Translatio studiorum and writing techniques

03 Jun

The long period that went from the beginning of registered writing, scriptura, until the appearance of copyists, called mixed orality, is called translatio studiorum, where writing itself will undergo many technical variations, and in them stand out São Jerônimo who compiled and elaborated the first version of the Bible.

During this period, the so-called Cappadocian priests stand out, Gregorio de Nissa (335, died in 394), his brother Basilio the Great, and Gregório de Nazianzeno, whose writing is important for what both Hannah Arendt and Byung Chull Han will analyze in the vita active, and here the information is linked in times of new media, but it will be done during the week.

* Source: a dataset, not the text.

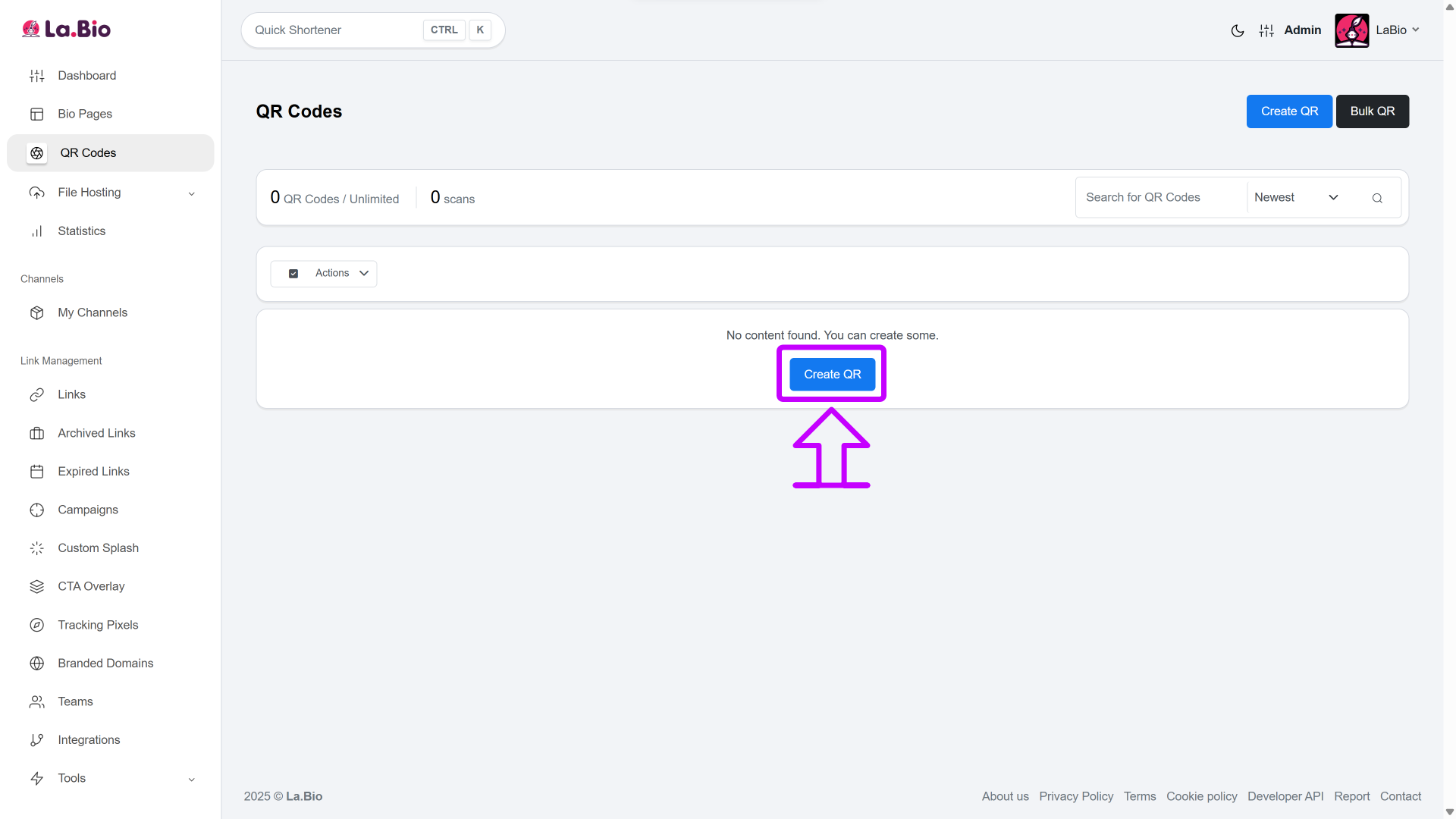 Start the Process: Log in to your La.Bio dashboard and click on the "Create QR" button.
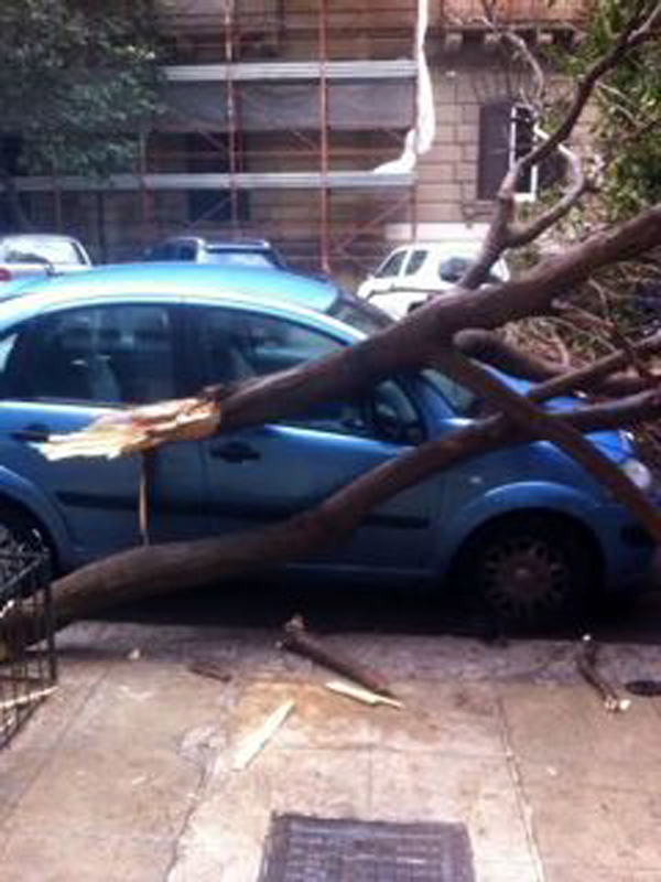 In via Guglielmo Marconi, traversa di via Sammartino, un albero è caduto sulle auto in sosta: una Volkswagen bianca e su una Citroën azzurra . Mentre i vetri di un palazzo in via Pasquale Calvi sono caduti in strada frantumandosi.

Translation Studiorum, period of transfer of knowledge, from one era to another when the techniques of culture are changing, and thus their anthropotechnics, between different cultures and religions, especially in the West and the Middle East, where there is the culture of the original of the book of three great Abrahamic religions (comes from Father Abraham), the Koran, the Torah and the Bible.

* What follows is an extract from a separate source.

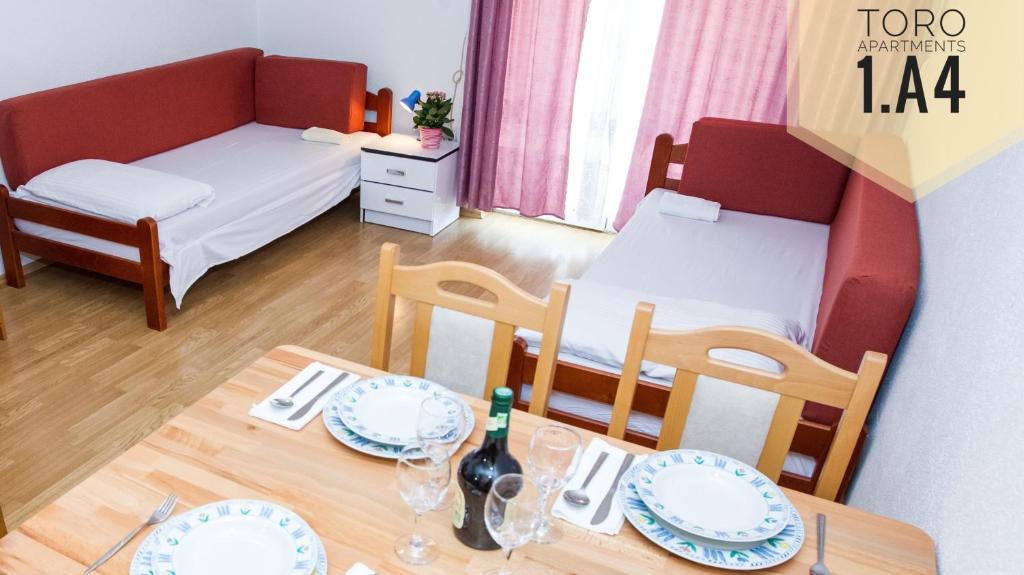 Set in the town of Pag, Apartments TORO Pag features a furnished balcony and an equipped kitchenette. The centre is 550 metres away. The nearest pebbly beach can be reached within 600 metres. Free on-site parking is available.

The translatio thus corresponds to the period of peak and decadence of Greek-Christian thought, which has more links than is apparent, and which would be preserved and would continue in the Western world in the form of a dominant and influential philosophical and Trinitarian and Neoplatonic doctrine.

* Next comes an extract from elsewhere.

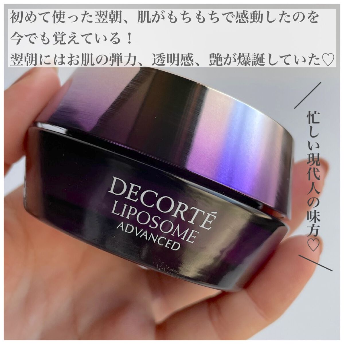 - 睡眠不足でも、3時間多く眠ったような肌へ。 美肌へのサイエンスを結集したカプセル、リポソーム。 その未知なる力を一途に研究し続けるコスメデコルテが、 新たな領域に到達しました。 睡眠中の美を高めるために開発された、1兆個※1のナイトカプセルが、肌をかけめぐりながら美を放ち肌の可能性を引き出す、まさしく、進化系ナイトクリーム。 どうしても短かくなりがちな睡眠時間も効果的に活用して、速攻美容できる、夜のエイジングケア※2です。 翌朝目覚める、ハリ・ツヤ・弾力。 そして、一日中いきいきとした輝きが続く。 夜を味方につけて、自信あふれる肌を手に入れてください。 ※1 1回の使用量1gとして算出(概算値) ※2 年齢に応じたお手入れのこと
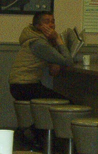 this man lives at express donuts. he sits there by himself, looking quite depressed. he also has a mullet but it's tucked into his hood.

De Trinitate de Saint Augustine is as revealing as his popular book Confessions, and Plotinus’ influence cannot be denied, nor can it be overvalued, it is not denied because Plotino’s conception of One of the soul is essential, and overvalued because Augustine’s conversion displaces him from Plato’s deontological center, Sumo Bem, to the ontological: the person and Trinitarian of Christian thought.

However, Cappadocian priests bring concepts that can be explored in the light of current thinking, Ousía (οὐσία, correct pronunciation is “ouceea”), is translated a noun from the Greek language giving rise to essence and substance, but semse feminine and conjugation in the present participle of the verb “to be”, the Heideggerian interpretation is “present” or present (being-present).

We will also explore the meaning of the word hypostasis, from the Greek prosopon, it comes from Greek theology with the meaning of person, and in conjunction with ousia it gives a meaning to the Trinitarian.